The current process for importing AQS data [[https://github.com/wikimedia/analytics-refinery-source/tree/master/refinery-cassandra/src/main/java/org/wikimedia/analytics/refinery/cassandra|individually inserts records using CQL prepared statements]]. Judging from the [[https://grafana.wikimedia.org/dashboard/db/aqs-cassandra-system?from=1454889569205&to=1454940331795&var-node=All|dashboards]], this process takes hours, increases cluster utilization, and impacts latency.
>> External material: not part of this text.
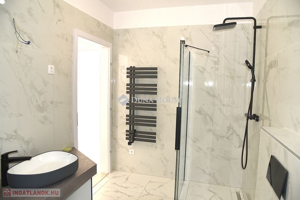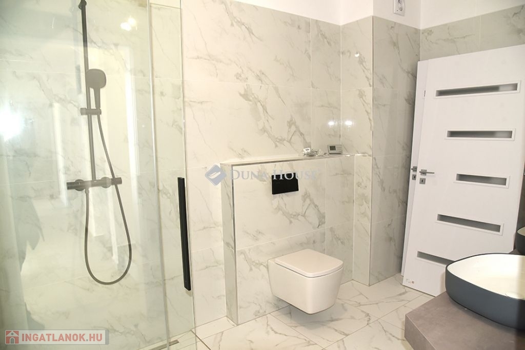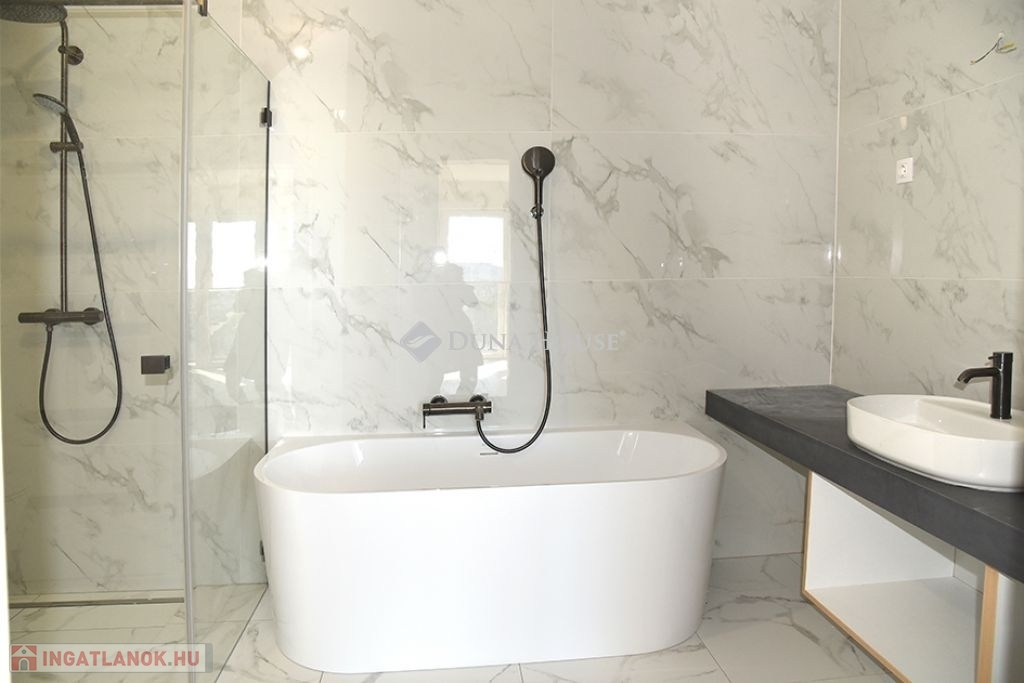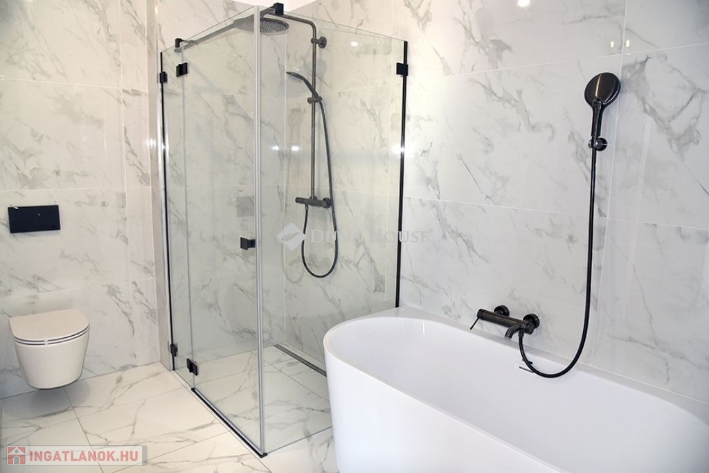 A hőszivattyús, padlófűtéses, elektromos zsalus, örök panorámás lakás prémium minőségű szaniterekkel, hideg - és melegburkolatokkal készült.

It might be worth considering the use of SSTable bulk loading, instead.
In a nutshell, you would:
1. Locally generate SSTable files
2. Stream the data to cluster nodes
(1) is actually quite straightforward to do using the [[https://github.com/apache/cassandra/blob/trunk/src/java/org/apache/cassandra/io/sstable/CQLSSTableWriter.java#L48|`CQLSSTableWriter`]] class:
```lang=java
// Define a matching schema.
String schema = "CREATE TABLE foo (id int PRIMARY KEY, name text)";
// Define a matching insert statement.
String insert = "INSERT INTO foo (id, name) VALUES (?, ?)";
// Construct a writer using the schema and insert statement
CQLSSTableWriter writer = CQLSSTableWriter.builder()
.inDirectory("/path/to/output/directory")
.forTable(schema)
.using(insert).build();
// Write your records.
writer.addRow(0, "test1");
writer.addRow(1, "test2");
writer.addRow(2, "test3");
...
// Finish the file.
writer.close();
```
(2) is performed using the `sstableloader` utility (ships with Cassandra).
```
$ sstableloader -d aqs1001.eqiad.wmnet /path/to/output/directory
```
The `-d` argument specifies a contact node, which is used to suss out the cluster topology. It will send the data using Cassandra's own streaming mechanism, which is quite efficient; This should be an enormous win over individual inserts.
SSTable-to-node affinity is not required, `sstableloader` will only stream the relevant parts of the files to the respective nodes. If needed, this can be parallelized by simply running more `sstableloader` processes.
I suspect this would also reduce the post-import compaction load as well.
Let me know if you're interested in doing this, and how I can be of help!